Like The Rider, Zhao paints her Americana settings with the mournful blues and optimistic oranges of dawn and dusk, Fern’s life seeming to exist purely between the hours of 5-7am. She shoots naturalistically, with a documentary style that makes you feel truly embedded in this community. And yet, there’s a sense of awe and grandeur here, Zhao finding beautiful moments of visual poetry in the picaresque landscapes of Nebraska, Arizona, and elsewhere.

The tight confines of her van contrast with the wide-open spaces she drives through; when she’s working in a factory or trying out domestic life with Strathairn at his family’s home, the domestic cleanliness causes her (and us) discomfort. At all times, Zhao makes us keenly aware of the pull Fern has towards her lifestyle, and we can’t blame her one bit for it.

All of this meandering would feel hollow but for McDormand’s absolute stunner of a performance as Fern. As the nucleus around which Nomadland centers, she’s a figure of irrepressible resolve — sometimes difficult to like, but never hard to understand. Her smile contains tragedy and joy in equal measure, her every movement carrying the weight of a lifetime of experiences on her shoulders. You can tell Fern’s lived a whole life before Zhao’s cameras started to roll, and McDormand makes you want to know every line of that story.

Circling her is Zhao’s usual host of nonprofessional actors, all real members of the Rubber Tramp Rendezvous (RTR) movement, who also pull in remarkably authentic performances. Linda-May is a ray of sunshine as Fern’s close friend, and RTR organizer Bob Wells is a font of fatherly wisdom and aching sadness. (The way he chokes back tears when he talks about his son’s suicide makes me well up as I type this.) But it’s Swankie, an old woman who helps Fern at a critical moment, only to open up about her terminal illness and how it drives her to see the world before she dies, who makes the biggest impression.

Zhao knows how to find the beauty and dignity in the everyday American and capture it on camera, and Nomadland sees her continuing that tradition in fine form. (One hopes she’ll just be able to find and film real ancient superheroes for The Eternals.)

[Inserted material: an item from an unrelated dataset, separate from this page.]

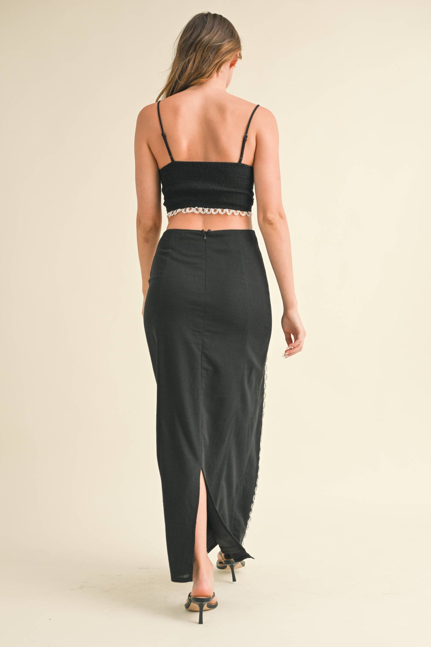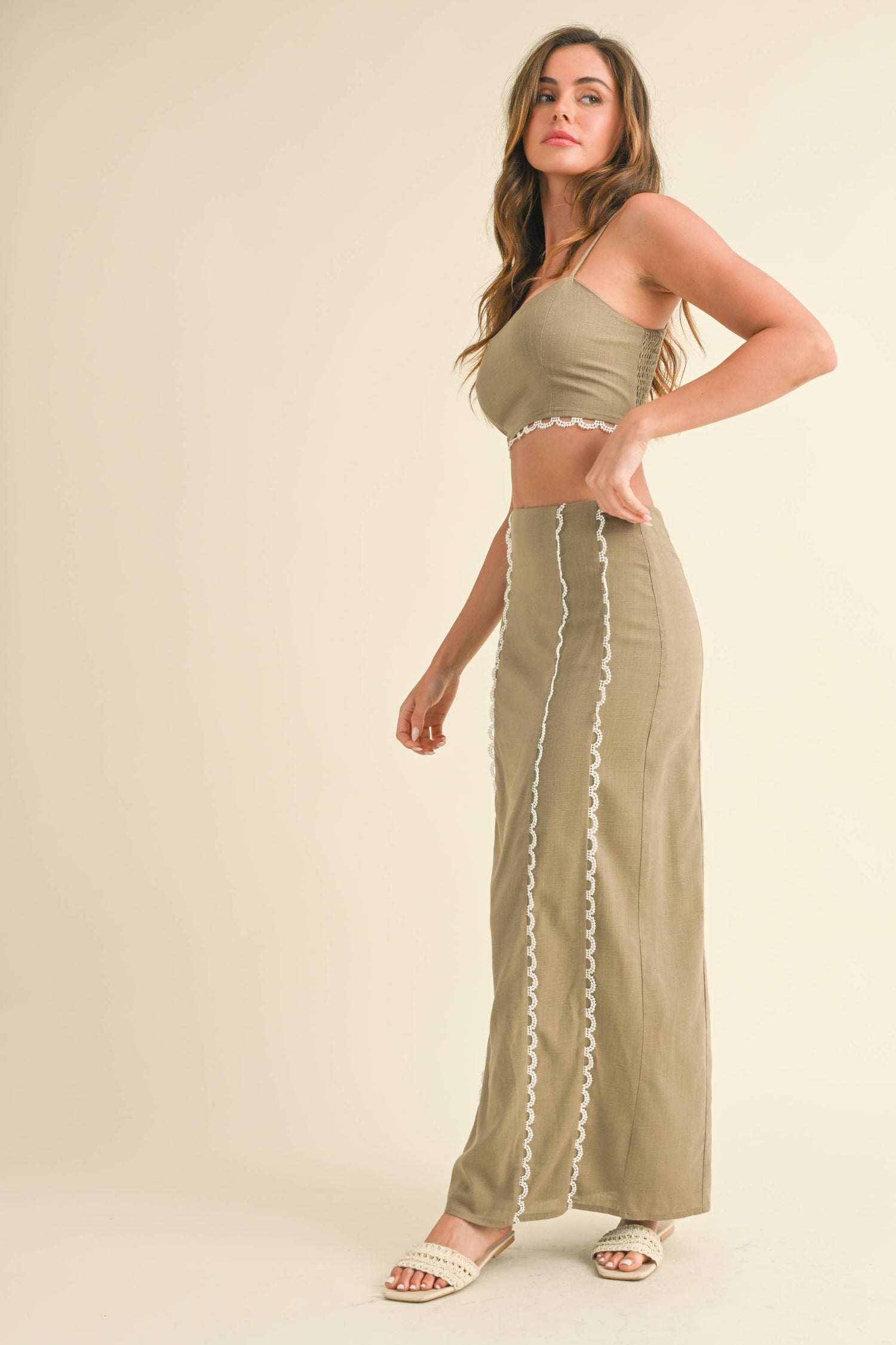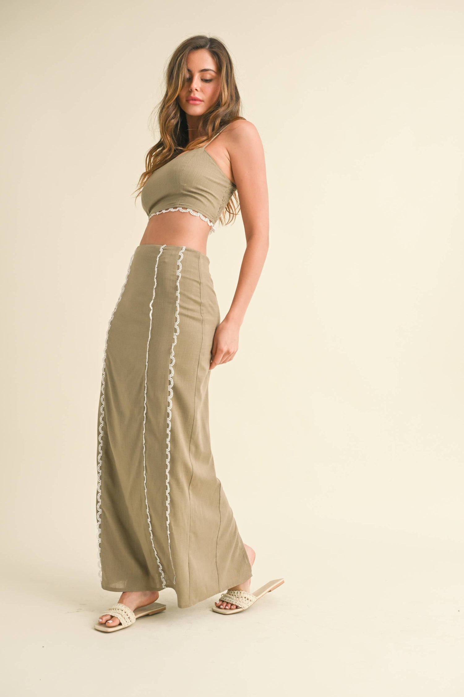 LINEN CROP TOP AND MAXI PENCILSKIRT SET WITH LACE TRIM

You can tell Fern’s lived a whole life before Zhao’s cameras started to roll, and McDormand makes you want to know every line of that story.

But surrounding Fern and her misadventures on the American frontier is a feeling of enormity — that the nomads of Nomadland are trying to touch something bigger than themselves. Zhao frequently places Fern among images that remind us of our insignificance in the grand scheme of the universe. We hear about how we’re built from the same matter emitted by the stars. Fern wanders among ancient rocks that have been formed over eons and downed sequoias that have lived for hundreds of years. She’s dwarfed by the Wall Drug Dinosaur, an 80-foot Brachiosaurus statue that reminds us of the giants that used to walk the Earth.

Amidst the mournful intimacy of Fern’s story, Zhao overwhelms us with the size of the world around her. Suddenly, we understand why these old folks want to see so much of it before they die. No more loyalty to the “tyranny of the dollar,” as Bob says; just the equalizing splendor of the road.

Even as Nomadland‘s closing minutes let us in even further to Fern’s life, offering us a glimpse of the home and family she left behind when her husband passed, there’s a sense of hope and a lack of judgment about the way she lives it. That one of the film’s final shots evokes the closing frames of John Ford’s The Searchers makes that abundantly clear. With The Rider and now Nomadland, it’s safe to say that Zhao is the standard-bearer for the New American Western, and we’d better recognize that. And for the love of God, give Frances another Oscar.